=== Instructions to follow ===
Transcribe the whole listing exactly, but do not carry over its pictures.

=== Information provided ===
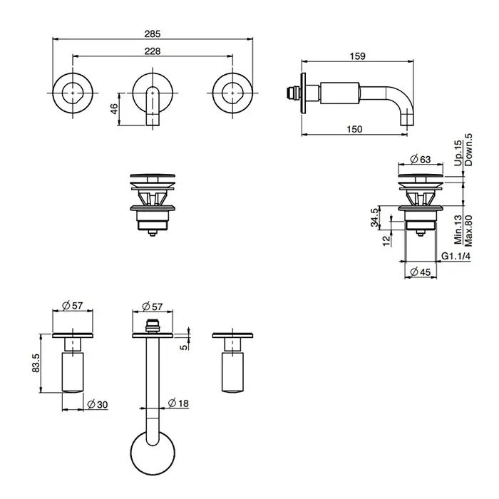 Fima Carlo Frattini So F3191/5CR Смеситель для раковины настенный, на 3 отв, излив 150 мм., донный клапан click-clack, цвет: хром
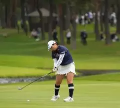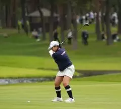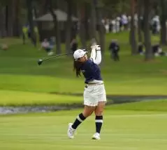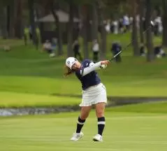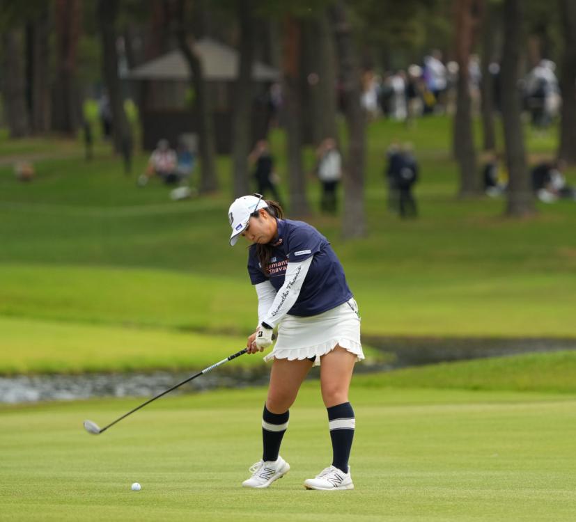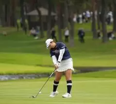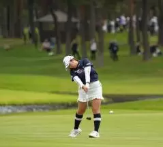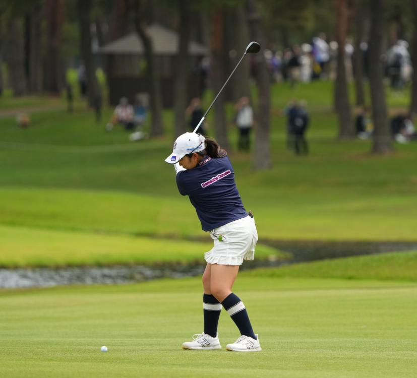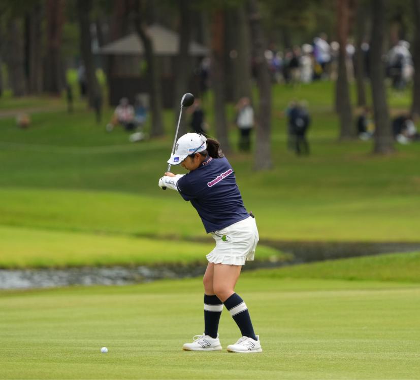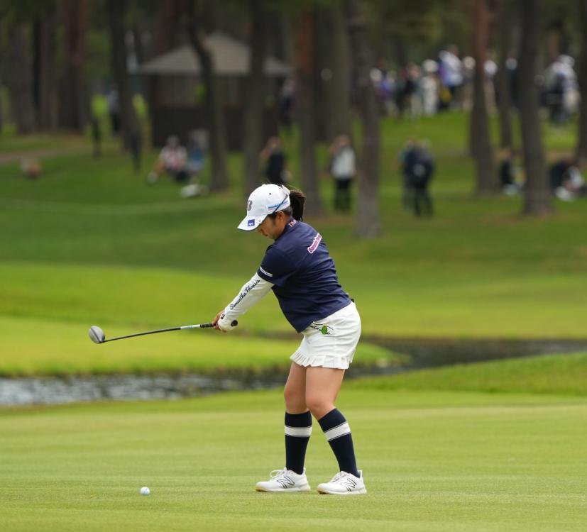 阿部未悠のフェアウェイウッドスイング(斜め前方)|フォロー①
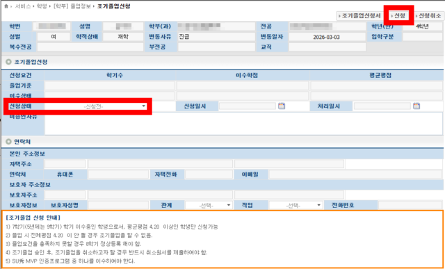 1️⃣ SU-WINGs [학생] → 학사정보 → 졸업정보 → 조기졸업신청 2️⃣ “신청상태” 확인 ![]() |

=== Result for this exercise ===
 Fima Carlo Frattini So F3191/5CR Смеситель для раковины настенный, на 3 отв, излив 150 мм., донный клапан click-clack, цвет: хром
 阿部未悠のフェアウェイウッドスイング(斜め前方)|フォロー①
 1️⃣ SU-WINGs [학생] → 학사정보 → 졸업정보 → 조기졸업신청 2️⃣ “신청상태” 확인 ![]() |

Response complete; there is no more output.